» Directions:
A verbatim transcript of the data below is required, images omitted.

» The data:
_ _ _

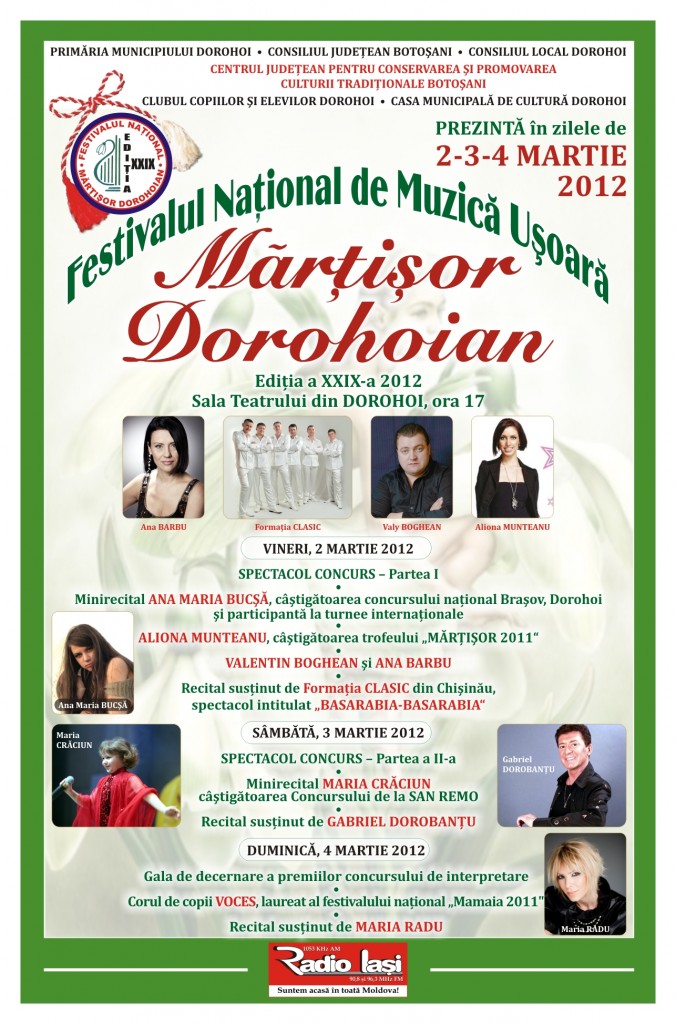 Pregătirile pentru Festivalul Mărțișor Dorohoian sunt în toi. Au fost aleși deja artiștii care vor cânta în recital!
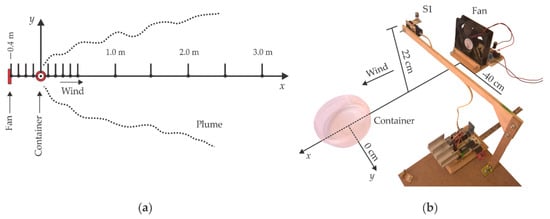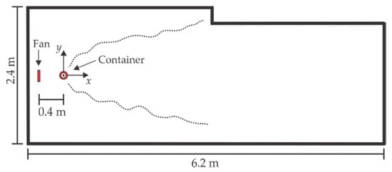 The experiments were performed inside a 2.40 m × 6.20 m room as shown in Figure 5. The fan was located at a distance of 40 cm from the container center ( cm) generating a velocity above the container of 0.97 m/s, which is an acceptable value [10,32]. The fan-container arrangement produced a gas source with an approximately constant emission ratio of 0.46 mL/min. The environmental conditions in the room were 23 ± 2 °C and 35 ± 5% RH.
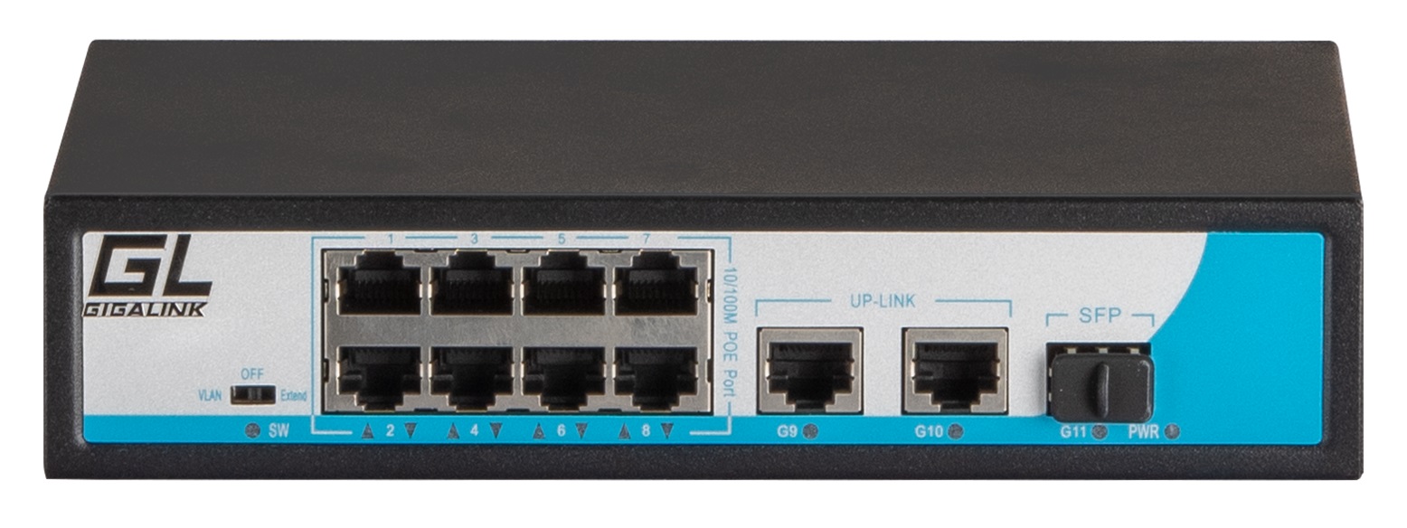 GIGALINK GL-SW-F005-08PS.r2 коммутатор неуправляемый, 8 PoE + 1 порт
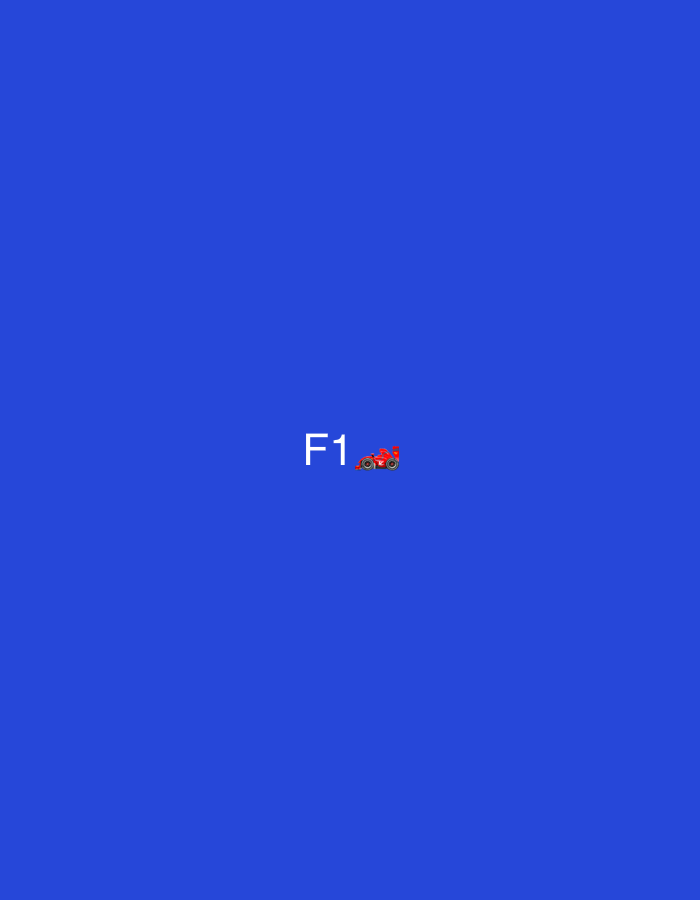 solid blue background with the text "F1" and a small red Formula 1 race car image to the right of it
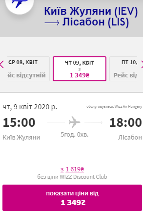 Найнижчі ціни на прямі рейси з Києва в Лісабон пропонує авіакомпанія Wizz Air.
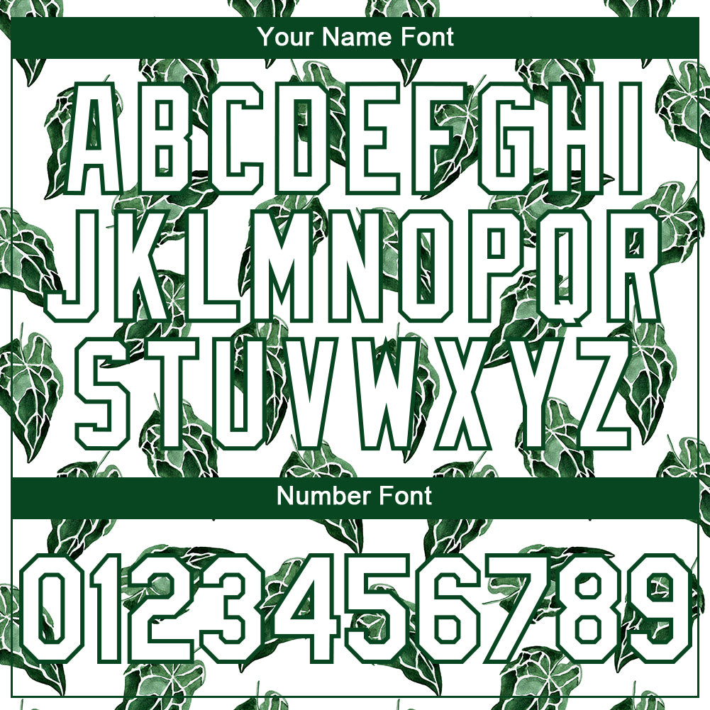Custom White Kelly Green 3D Pattern Design Tropical Anthurium Crystal Authentic Baseball Jersey

_ _ _

» The answer:
 Pregătirile pentru Festivalul Mărțișor Dorohoian sunt în toi. Au fost aleși deja artiștii care vor cânta în recital!
 The experiments were performed inside a 2.40 m × 6.20 m room as shown in Figure 5. The fan was located at a distance of 40 cm from the container center ( cm) generating a velocity above the container of 0.97 m/s, which is an acceptable value [10,32]. The fan-container arrangement produced a gas source with an approximately constant emission ratio of 0.46 mL/min. The environmental conditions in the room were 23 ± 2 °C and 35 ± 5% RH.
 GIGALINK GL-SW-F005-08PS.r2 коммутатор неуправляемый, 8 PoE + 1 порт
 solid blue background with the text "F1" and a small red Formula 1 race car image to the right of it
 Найнижчі ціни на прямі рейси з Києва в Лісабон пропонує авіакомпанія Wizz Air.
Custom White Kelly Green 3D Pattern Design Tropical Anthurium Crystal Authentic Baseball Jersey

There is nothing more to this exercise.